┌──

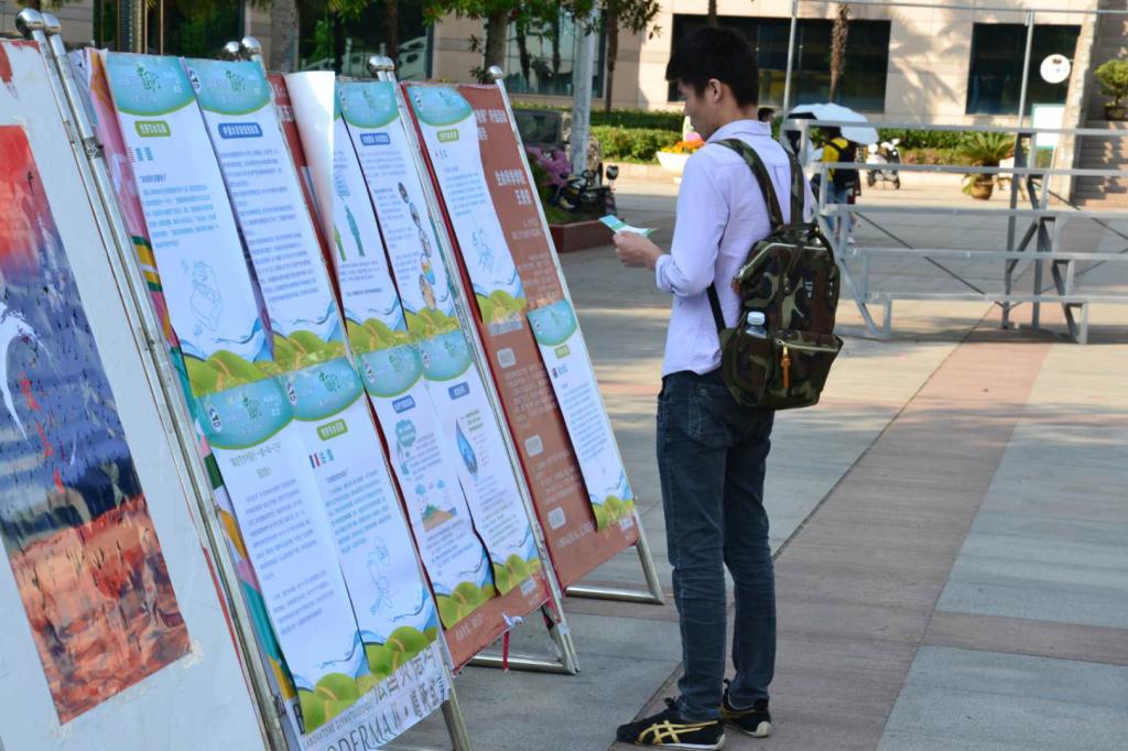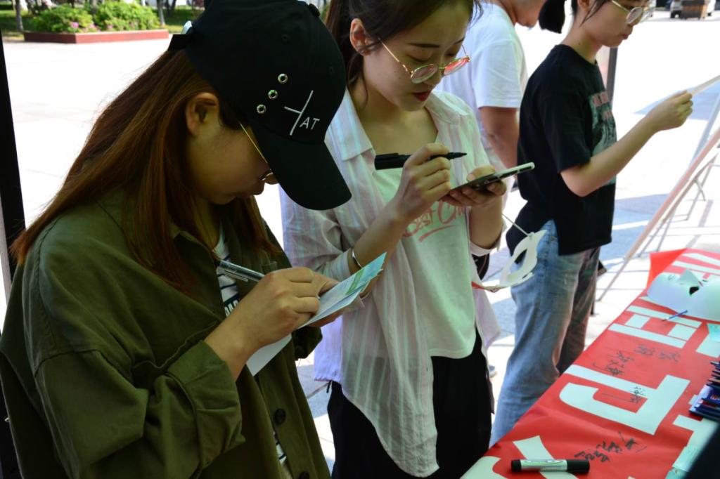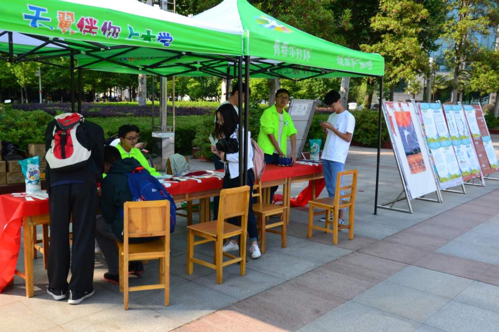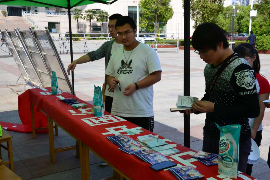 很多毕业生同学走向前来,观看“清洁节水”和“保护生物多样性”的宣传牌,看着学弟学妹们从事有意义的公益活动,嘴角带着微笑。也有不少同学,手拿节水宣传单,认真的阅读题目,勾选答案。有的同学,早已通过微信或QQ了解到活动信息,纷纷转发,此刻也赶来助阵。“荷仙子”志愿队的同学们,趁机对前来的大学生进行活动主题介绍。几乎每一位同学都能迅速准确的回答问题。而对回答正确的同学,每一位都可以领取主办方提供的一份精美礼品。若是线上转发活动消息的多,还可以领取一份洗衣液。
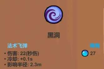 黑洞是最全面的纯输出法术之一,主要是因为黑洞不受任何障碍物限制,自带一定的对怪牵引效果,而且适合搭配的法术非常多,只是它也有一定的后坐力。没寻踪前其实不好用,但搭配寻踪就非常强了。升级后增加击杀提高半径的效果,但实际上这个词条作用不大。
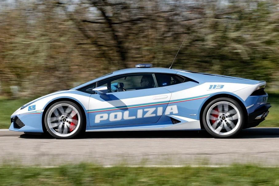 Купе Lamborghini Huracan для полиции не просто отличается ливреей, автомобиль оборудован специальным багажником-холодильником и дефибриллятором. Среди отличий от привычного Huracan – спецсигналы синего цвета, расположенные спереди, сзади, и по бокам кузова. Также стоит отметить комплекс фото- и видеофиксации нарушений, который итальянская полиция успешно использует.
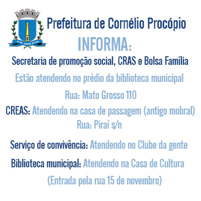 Alterações nos locais de atendimento
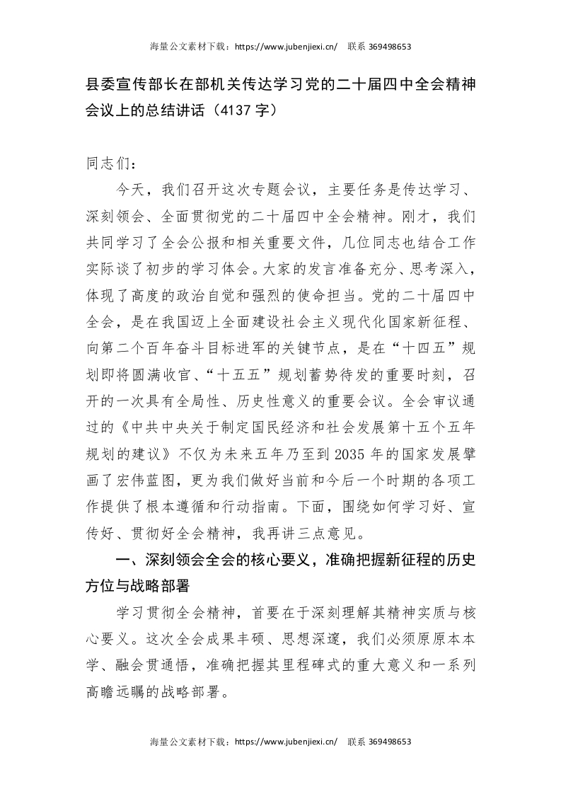县委宣传部长在部机关传达学习党的二十届四中全会精神会议上的总结讲话(4137字)
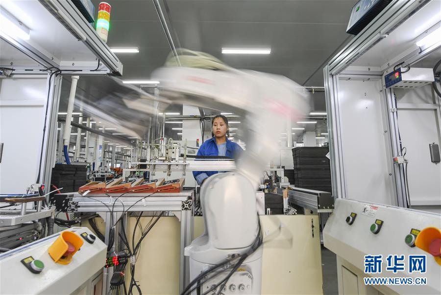11月29日,在位于福建省石狮市蚶江镇的通达集团生产车间,工人在智能机械臂旁实时监控一批小米手机壳的生产情况。 新华社记者 宋为伟 摄
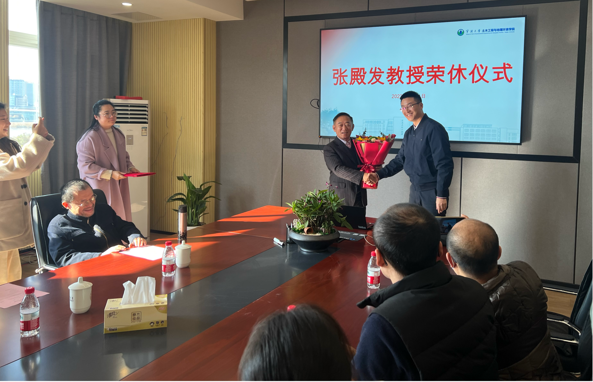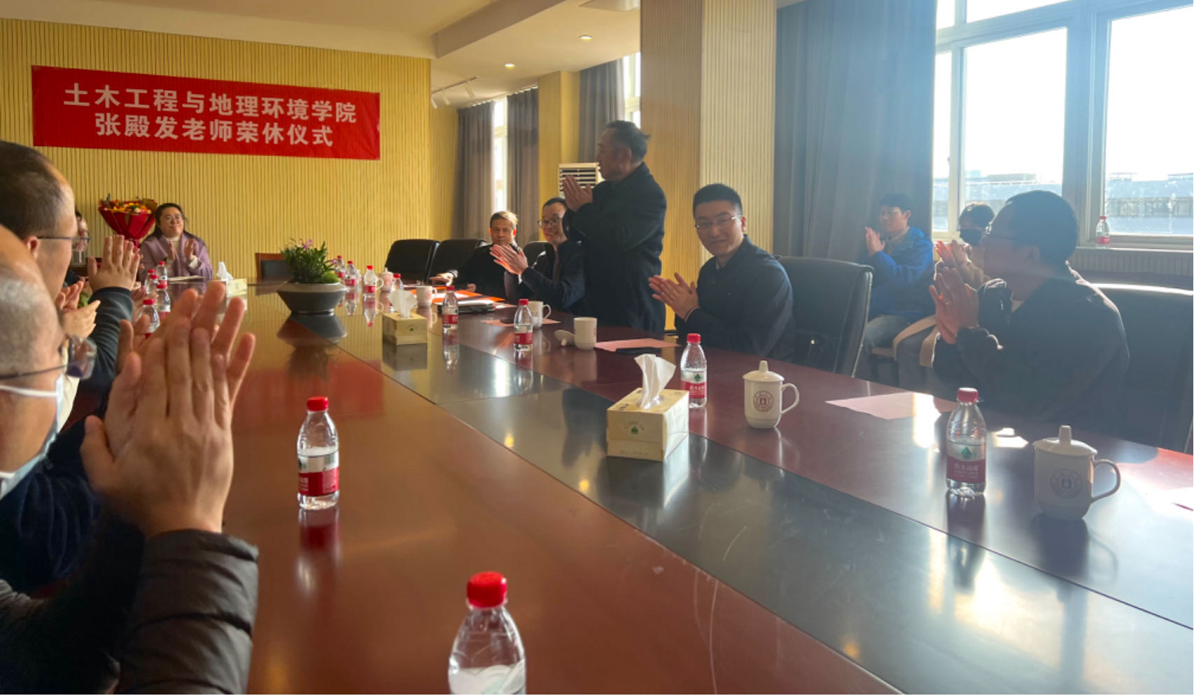 首先,院党委书记李加林介绍张殿发老师的工作简历及为学院作出的贡献,章子华院长为张殿发老师赠送鲜花并送上祝福。随后,乔观民老师作为教师代表,深情回顾了和张殿发老师并肩工作的难忘经历,表达了对张老师的不舍之情。
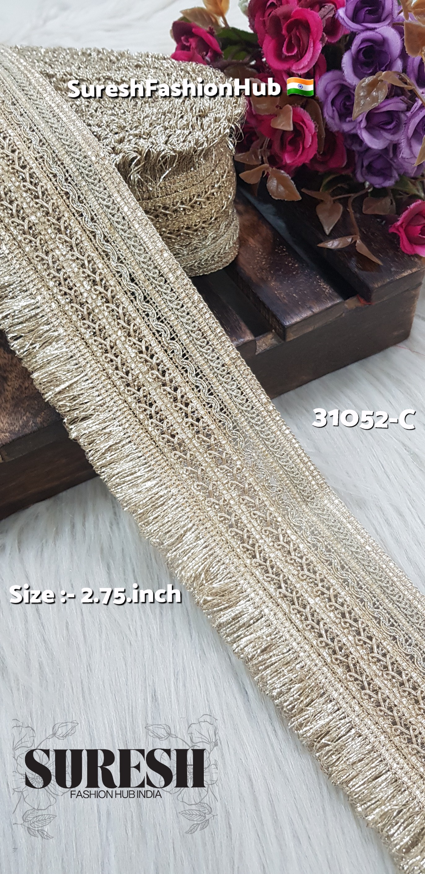 The *31052-C Jhalar Border* is a beautifully crafted machine-made fringe design created using elegant *pearl-style elements*. It is a one-side jhalar border, giving a graceful fall and a premium designer finish. The soft pearl-inspired look enhances sarees, lehengas, blouses, dupattas, and décor pieces effortlessly.

└──

» Work request:
Everything in the material above is to be reproduced exactly, pictures aside.

» Response box:
 很多毕业生同学走向前来,观看“清洁节水”和“保护生物多样性”的宣传牌,看着学弟学妹们从事有意义的公益活动,嘴角带着微笑。也有不少同学,手拿节水宣传单,认真的阅读题目,勾选答案。有的同学,早已通过微信或QQ了解到活动信息,纷纷转发,此刻也赶来助阵。“荷仙子”志愿队的同学们,趁机对前来的大学生进行活动主题介绍。几乎每一位同学都能迅速准确的回答问题。而对回答正确的同学,每一位都可以领取主办方提供的一份精美礼品。若是线上转发活动消息的多,还可以领取一份洗衣液。
 黑洞是最全面的纯输出法术之一,主要是因为黑洞不受任何障碍物限制,自带一定的对怪牵引效果,而且适合搭配的法术非常多,只是它也有一定的后坐力。没寻踪前其实不好用,但搭配寻踪就非常强了。升级后增加击杀提高半径的效果,但实际上这个词条作用不大。
 Купе Lamborghini Huracan для полиции не просто отличается ливреей, автомобиль оборудован специальным багажником-холодильником и дефибриллятором. Среди отличий от привычного Huracan – спецсигналы синего цвета, расположенные спереди, сзади, и по бокам кузова. Также стоит отметить комплекс фото- и видеофиксации нарушений, который итальянская полиция успешно использует.
 Alterações nos locais de atendimento
县委宣传部长在部机关传达学习党的二十届四中全会精神会议上的总结讲话(4137字)
11月29日,在位于福建省石狮市蚶江镇的通达集团生产车间,工人在智能机械臂旁实时监控一批小米手机壳的生产情况。 新华社记者 宋为伟 摄
 首先,院党委书记李加林介绍张殿发老师的工作简历及为学院作出的贡献,章子华院长为张殿发老师赠送鲜花并送上祝福。随后,乔观民老师作为教师代表,深情回顾了和张殿发老师并肩工作的难忘经历,表达了对张老师的不舍之情。
 The *31052-C Jhalar Border* is a beautifully crafted machine-made fringe design created using elegant *pearl-style elements*. It is a one-side jhalar border, giving a graceful fall and a premium designer finish. The soft pearl-inspired look enhances sarees, lehengas, blouses, dupattas, and décor pieces effortlessly.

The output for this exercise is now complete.